Wells looks up from the purple ledger he uses to record each day’s work. “It was 517,” he says.

“I’ll beat that today,” says Ali, as he resumes driving his body back through the years. The total for this day will be 536 sit-ups. It is Ali’s 39th day of serious training, and his sit-up total is already 10,000, even. There are still 22 days until the fight with Holmes.

On the afternoon of this day, Ali also boxes 36 straight minutes without rest, using seven sparring partners. He weighs 224 pounds, and the rolls of fat that jiggled through his most recent fights have disappeared. He’s 29 again.

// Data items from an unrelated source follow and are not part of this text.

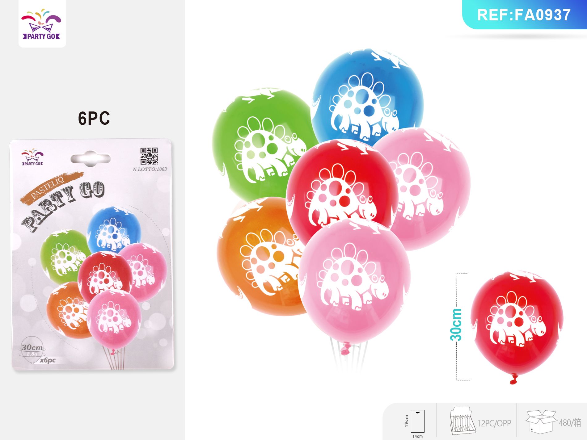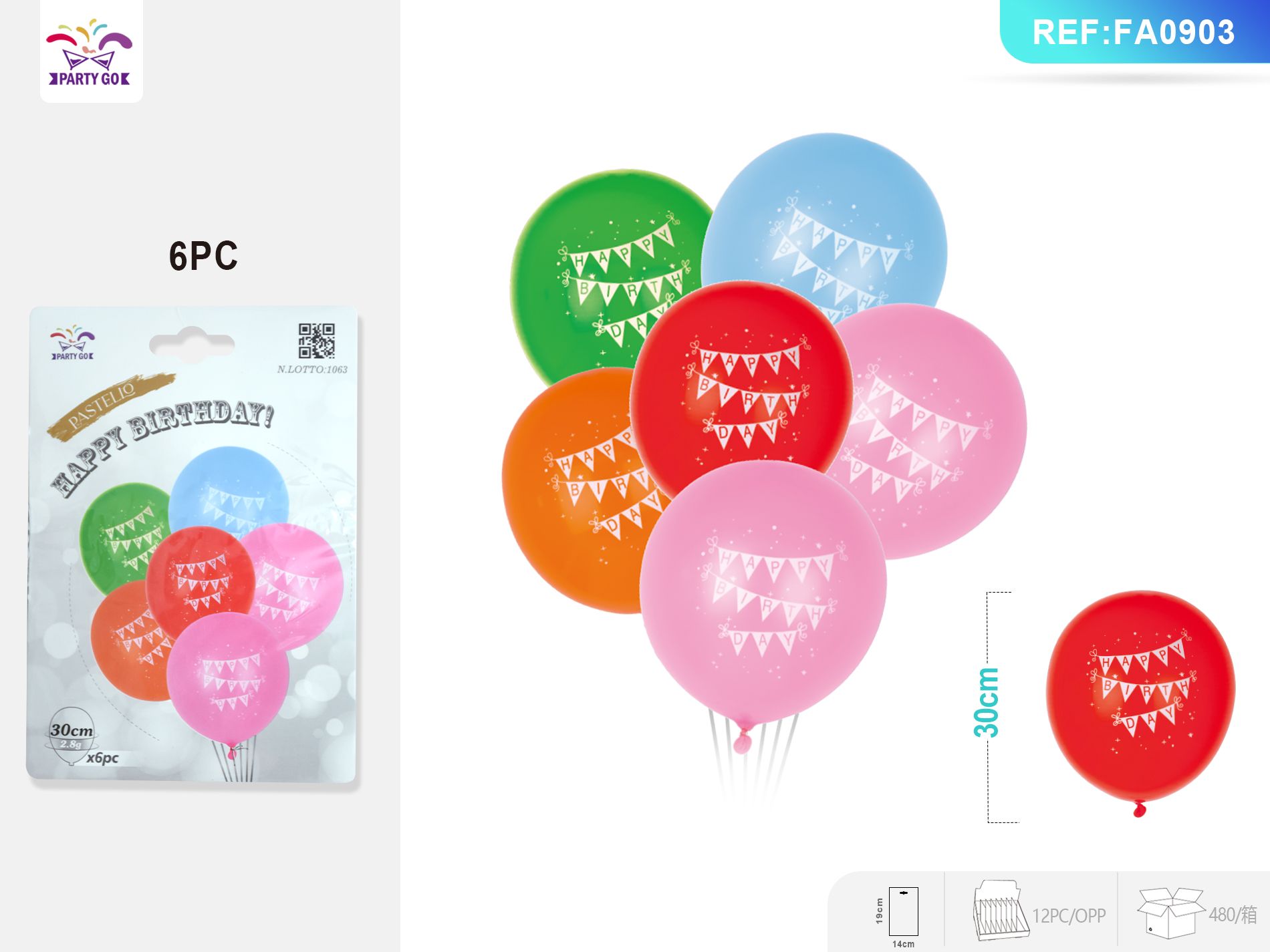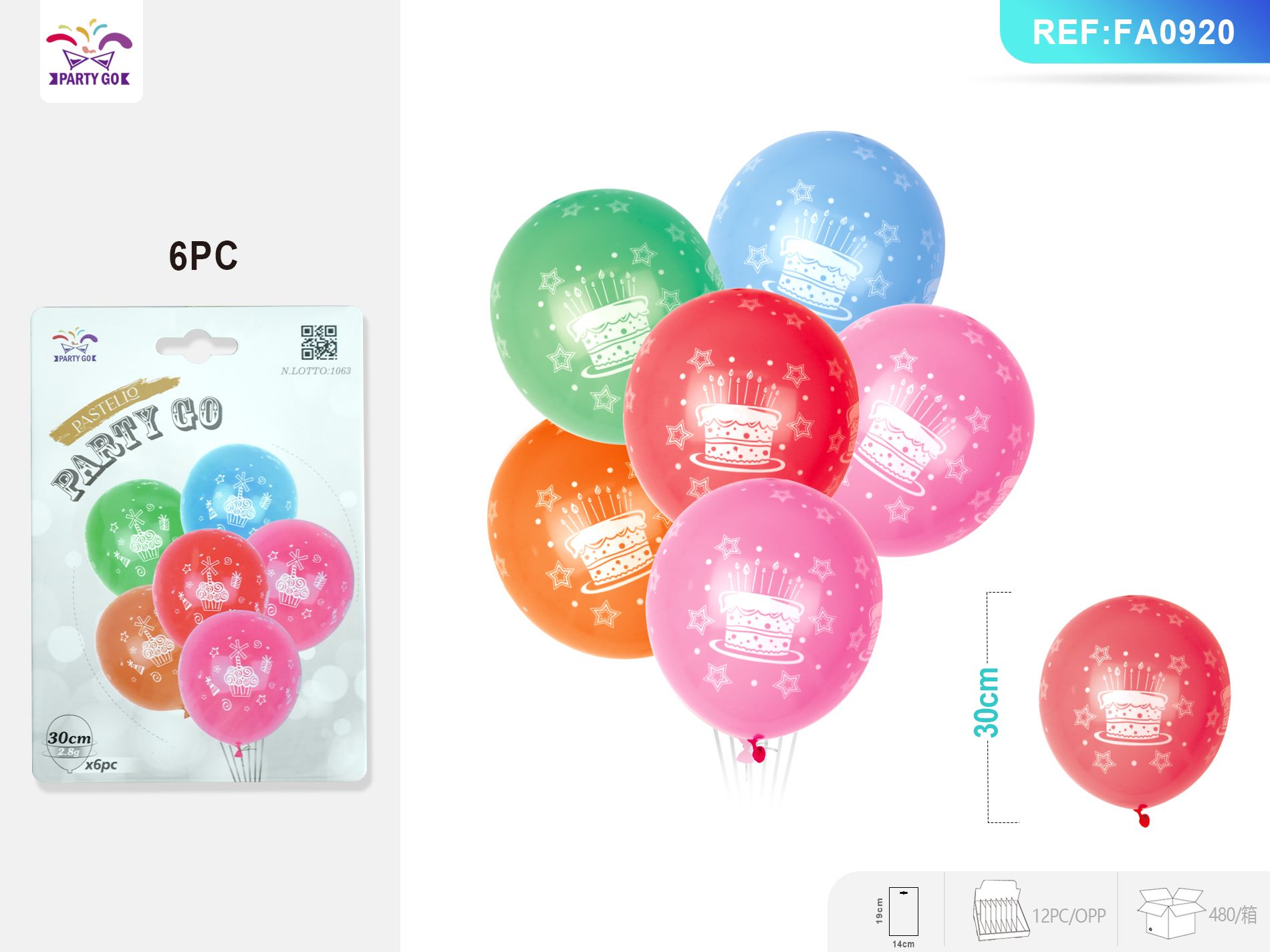 03-A4-12 cali 2,8 g 6 szt. Mieszany kolor, matowy, pięciostronny drukowany balon na ciasto - N
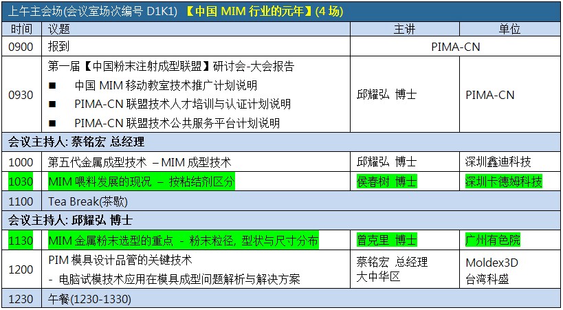 主辦單位:中國粉末注射成型聯盟(PIMA-CN)
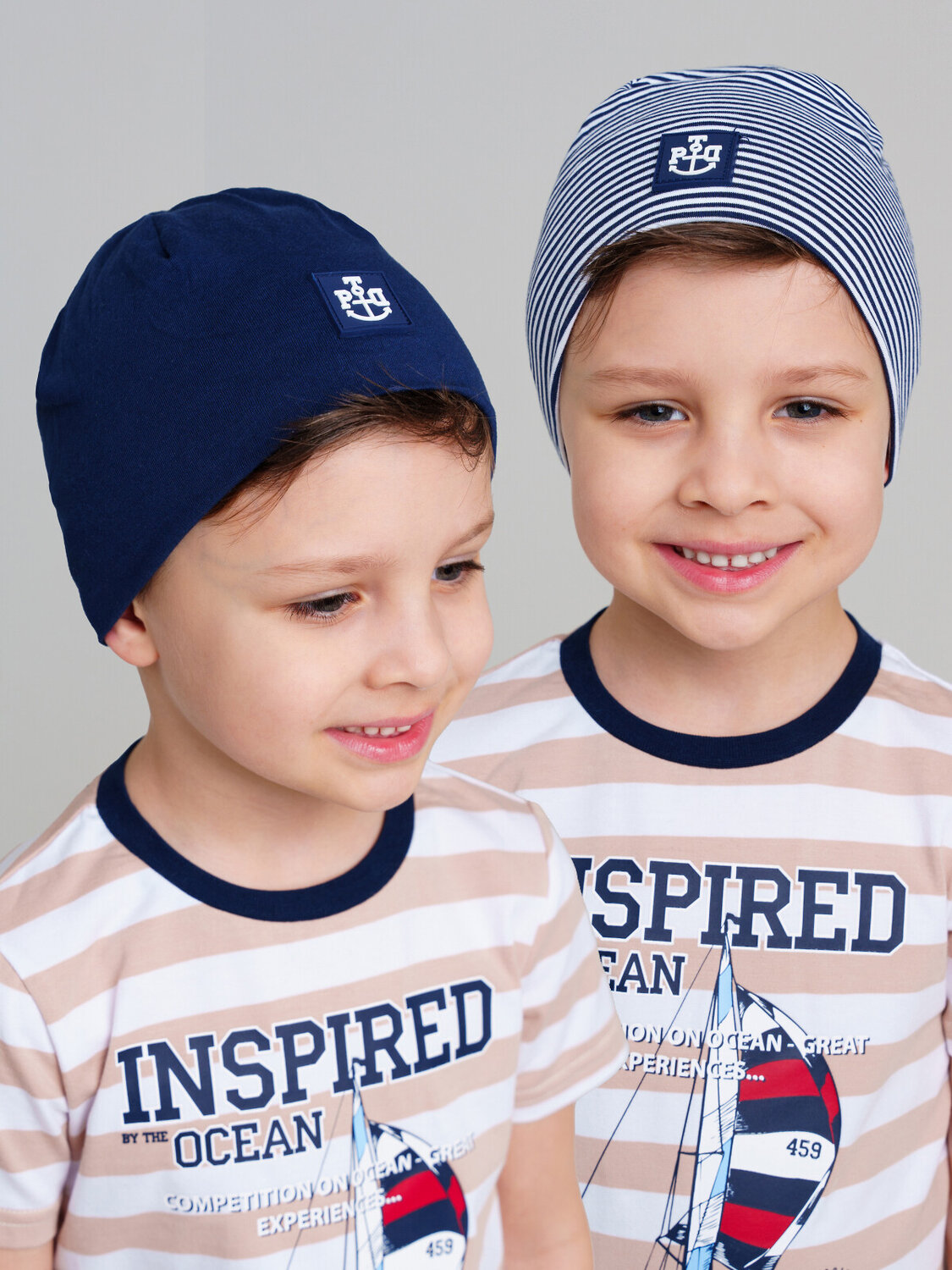 Набор детских шапок для мальчика. Шапка из качественного и приятного на ощупь трикотажа джерси. Модель с высоким содержанием хлопка 95%. Благодаря наличию эластана в составе ткани изделие проще в уходе и держит форму.
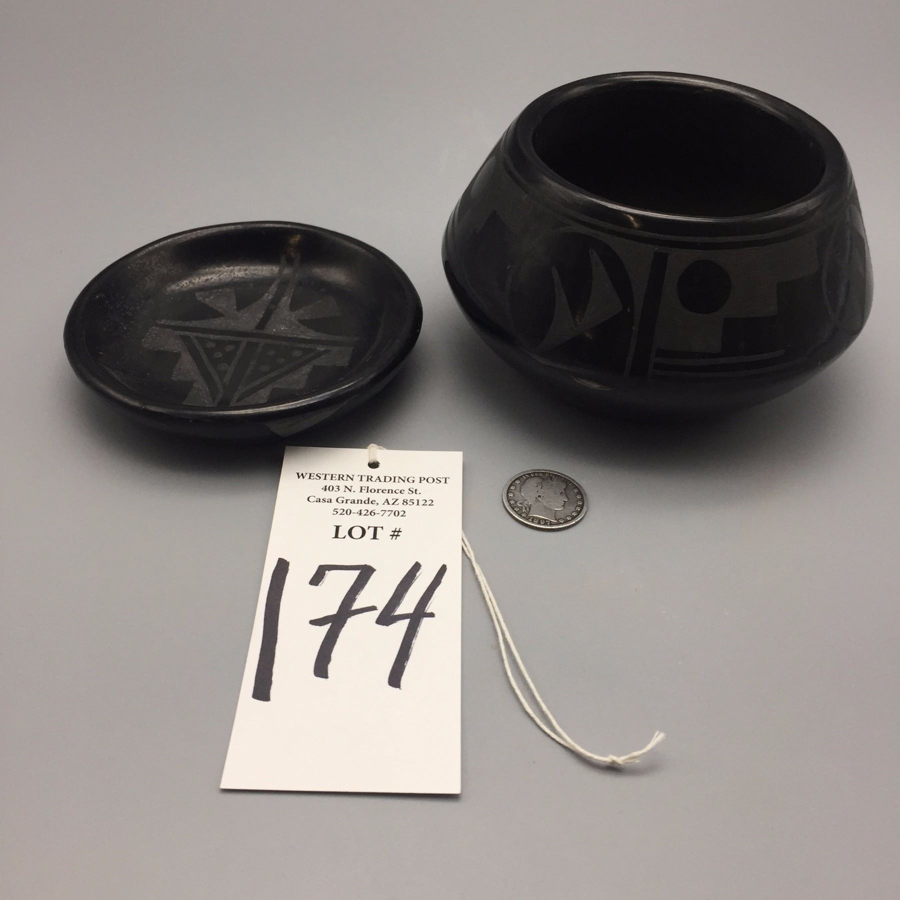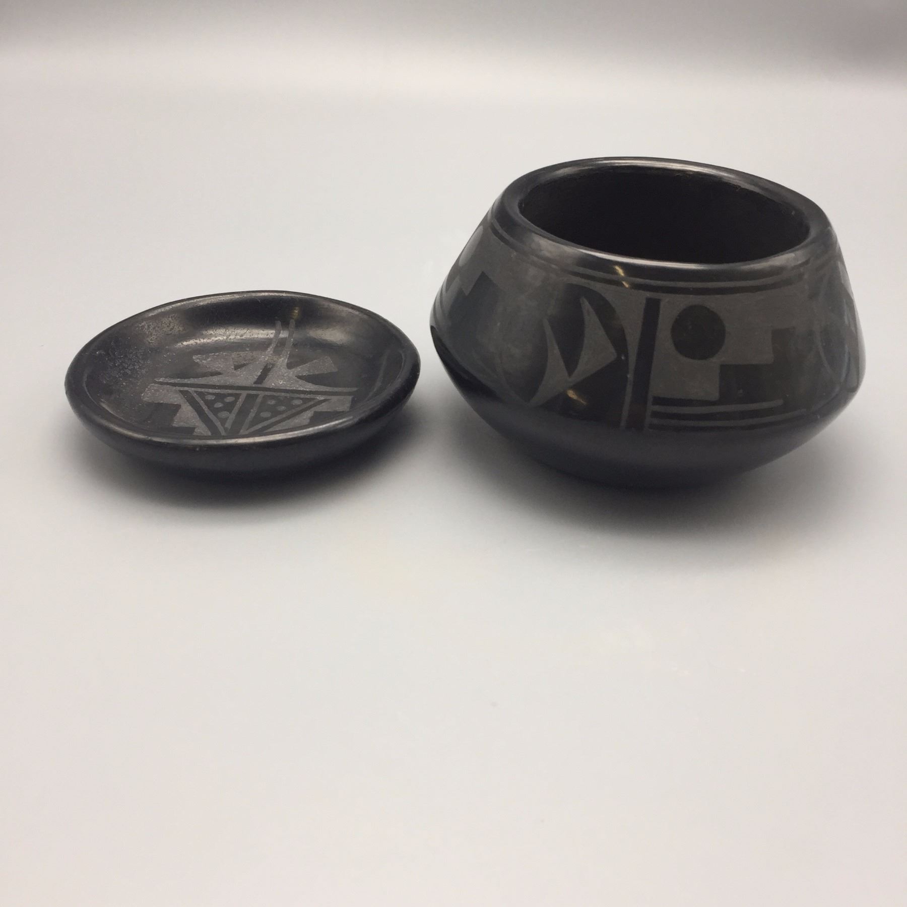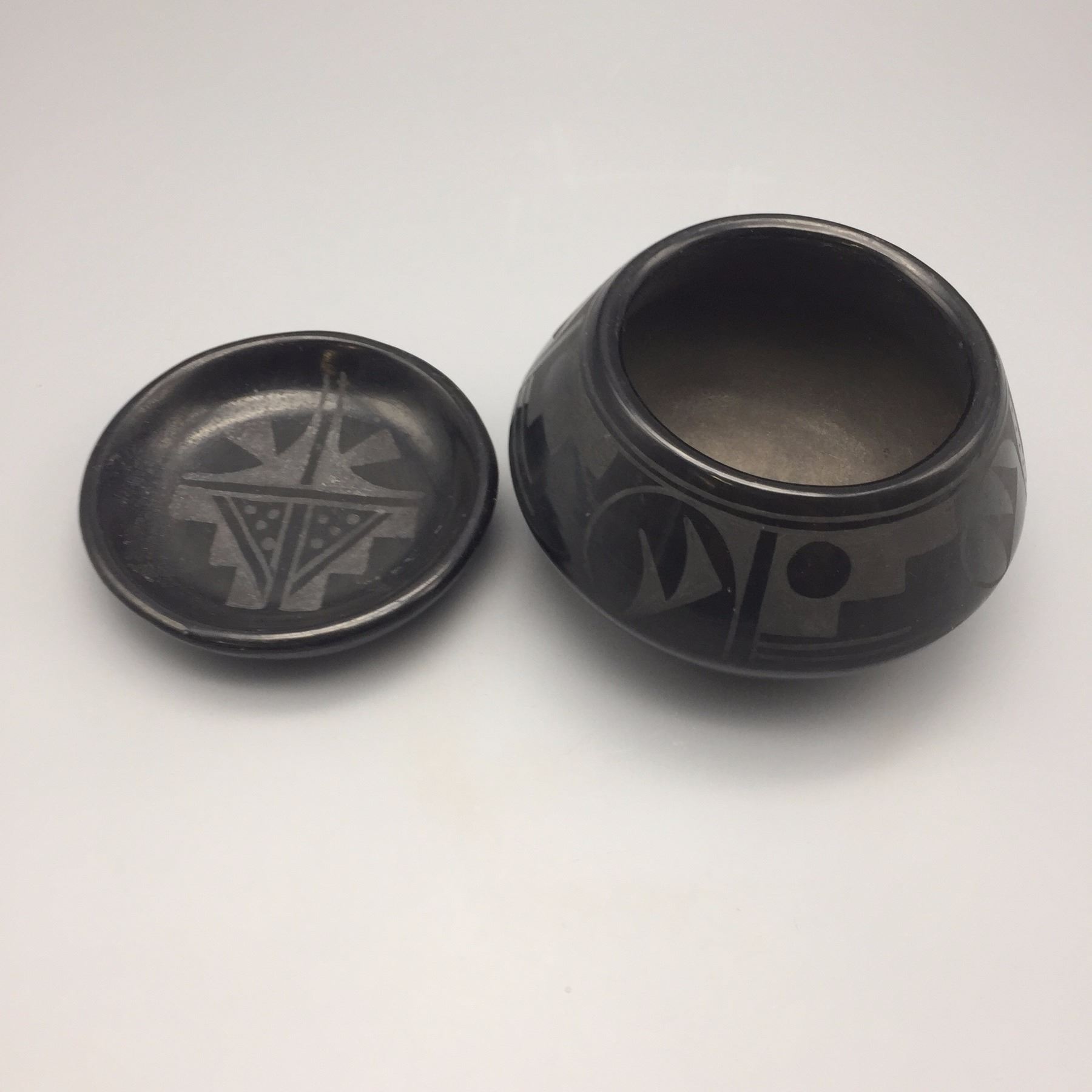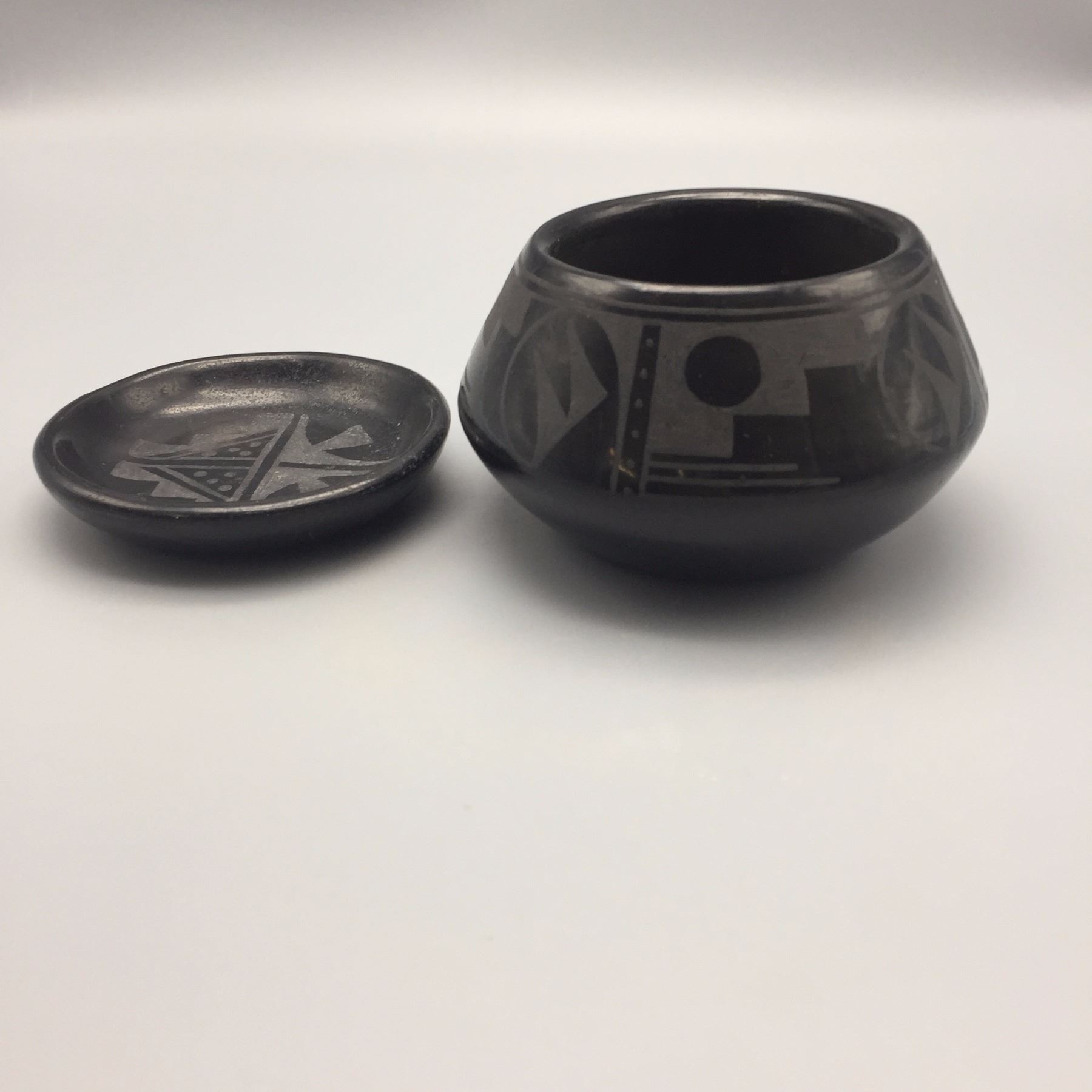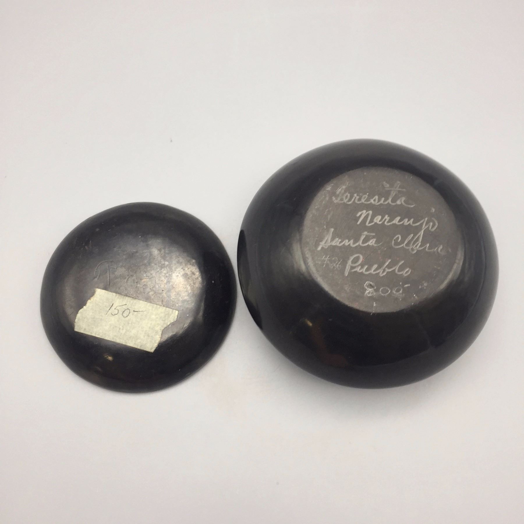 Maker: Rose Gonzales and Teresita Naranjo. Approx. Age: Vintage. Size: 1) 4 1/4” w x 1” h. 2) 4 1/2” w x 3”. Additional Info: Pair Black pots. Condition: Good for their age, normal wear expected. Please look closely at the pictures - they are an important part of our description. Shipping: There will be a $10 handling / packaging fee for shipping this lot. The actual cost of postage will be added on top of that.
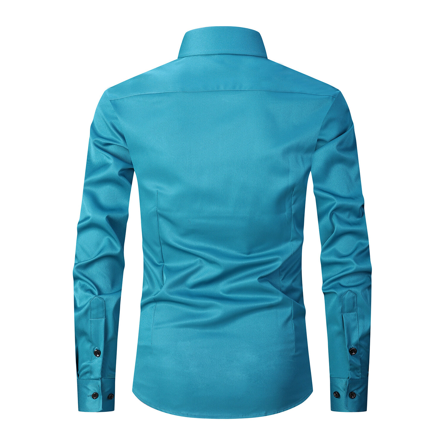 Strech Solid Long Sleeve Black Buttons Button-Up Shirt // Bright Blue
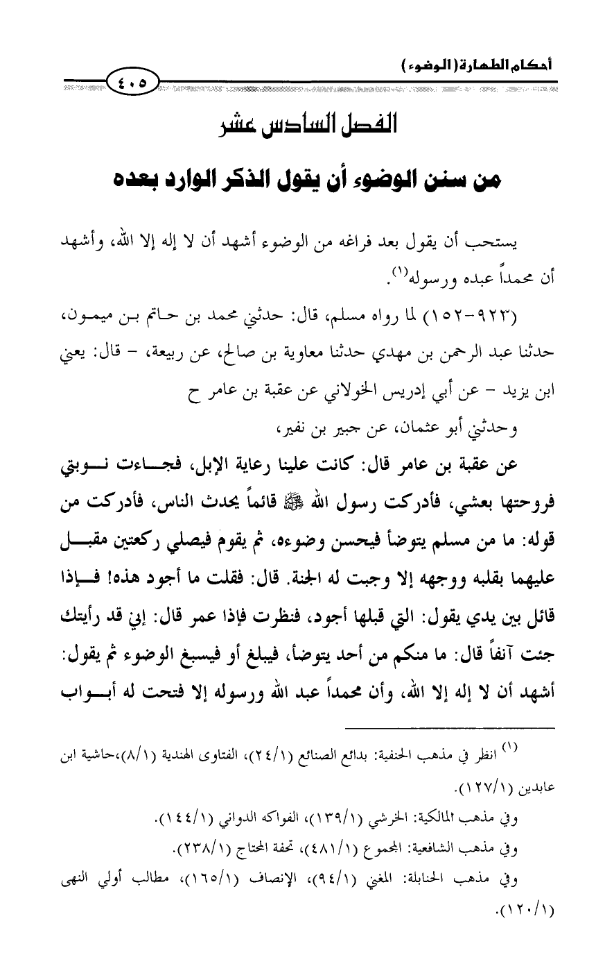(٩٢٣ - ١٥٢) لما رواه مسلم، قال: حدثني محمد بن حاتم بن ميمون، حدثنا عبد الرحمن بن مهدي حدثنا معاوية بن صالح، عن ربيعة، - قال: يعني ابن يزيد - عن أبي إدريس الخولاني عن عقبة بن عامر ح
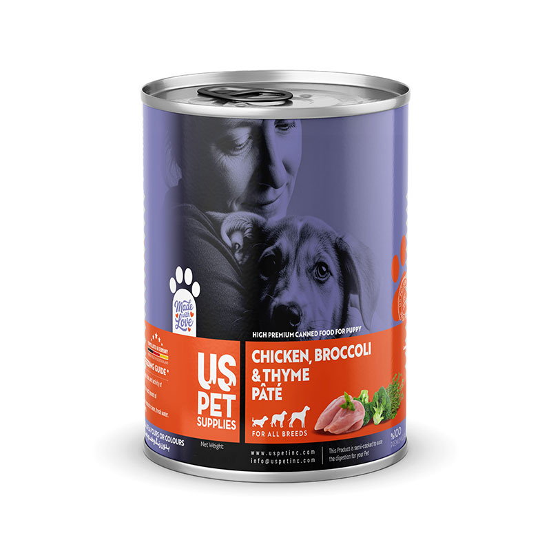 کنسرو غذای توله سگ یو اس پت مدل های پریمیوم با طعم مرغ و بروکلی و آویشن USPet Dog Canned Food وزن 800 گرم

The betting had opened with Holmes favored 3–1 and had dropped to 2–1. On the day Ali sparred nonstop for more than a half-hour, the odds were 9–5. The next day they dipped to 8–5. “The odds are dropping like my waistline,” says Ali with a laugh. Then his voice hardens and the words come as darts. “They say I’m going to get hurt. When did I ever get hurt? They say I got brain damage. Liver damage. They all lied. I spent three days at the Mayo Clinic. They stuck wires in me; I looked like Frankenstein’s monster. I passed every test. Look how pretty I talk. How could I have brain damage? I’ll show those lying....”

For Ali, this 60th professional fight, for which he’ll receive $8 million, is The Big One. Again. That’s all he needs. It has been said that he has made a critical mistake by not having a tune-up. The simple truth is that he probably couldn’t beat any other decent heavyweight because any other heavyweight would be, to him, meaningless. Ali has always had a problem walking up a gently sloping hill, but he can race up a mountain.

“I’m the underdog,” he bellows happily. “God, I love it. Just tell me I can’t do something. Tell me it’s impossible. Tell me I’m not the greatest.”

Put it all in a computer and the winner comes out Holmes. He’s a superb champion, he’s eight years younger than Ali and he’s in excellent condition. In the last two years he has had seven fights to Ali’s none. He’s unbeaten.

There’s just one thing that he isn’t: he isn’t Muhammad Ali. No other earthling could be.